**Data section**

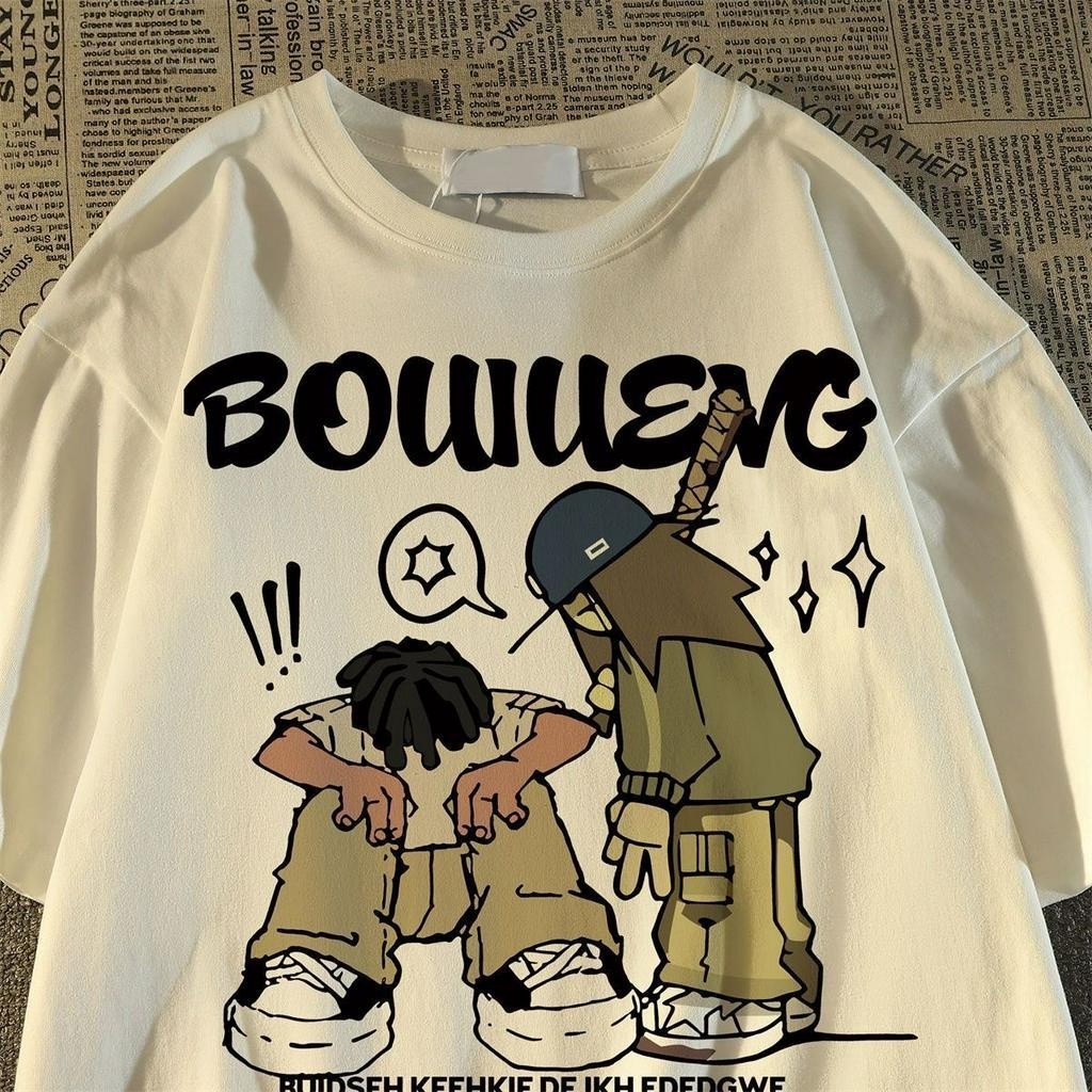 Camiseta Americana Retro Cartoon Puro Algodão De Manga Curta Homens Soltos Em Estilo Hip-Hop De Rua
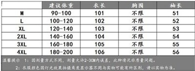 尺码 2XL 3XL 4XL L M XL
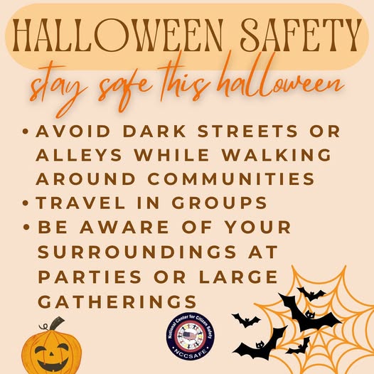 With Halloween this week, NCCSAFE wraps up our fall safety tips! Whether you’re trick-or-treating or heading to a Halloween party, stay alert, travel in groups, and have a safe Halloween! #halloween #NCCSAFE #safetytips (fb)
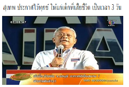 ที่ นายสุเทพ เทือกสุบรรณ ประกาศ..ไว้ทุกข์ให้เด็กที่เสียชีวิตเป็นเวลา 3 วันเสียอีก...
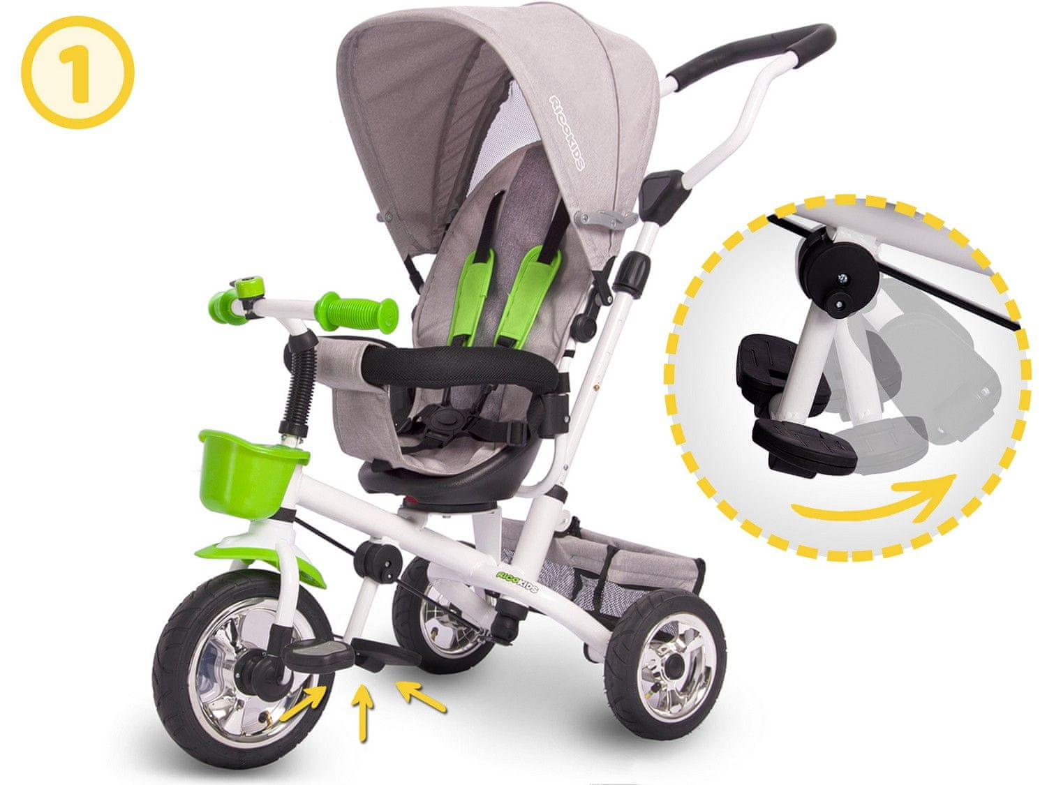 VOZIČEK, OBRNJEN V SMER VOŽNJE: Malček opazuje svet, medtem ko noge počivajo na zložljivih oporah. Vključena je funkcija „prostega teka“ – sprednje kolo se vrti brez poganjanja pedal.

**Task objective**
Repeat each entry exactly as given; no pictures belong in the copy.

**Worked solution**
 Camiseta Americana Retro Cartoon Puro Algodão De Manga Curta Homens Soltos Em Estilo Hip-Hop De Rua
 尺码 2XL 3XL 4XL L M XL
 With Halloween this week, NCCSAFE wraps up our fall safety tips! Whether you’re trick-or-treating or heading to a Halloween party, stay alert, travel in groups, and have a safe Halloween! #halloween #NCCSAFE #safetytips (fb)
 ที่ นายสุเทพ เทือกสุบรรณ ประกาศ..ไว้ทุกข์ให้เด็กที่เสียชีวิตเป็นเวลา 3 วันเสียอีก...
 VOZIČEK, OBRNJEN V SMER VOŽNJE: Malček opazuje svet, medtem ko noge počivajo na zložljivih oporah. Vključena je funkcija „prostega teka“ – sprednje kolo se vrti brez poganjanja pedal.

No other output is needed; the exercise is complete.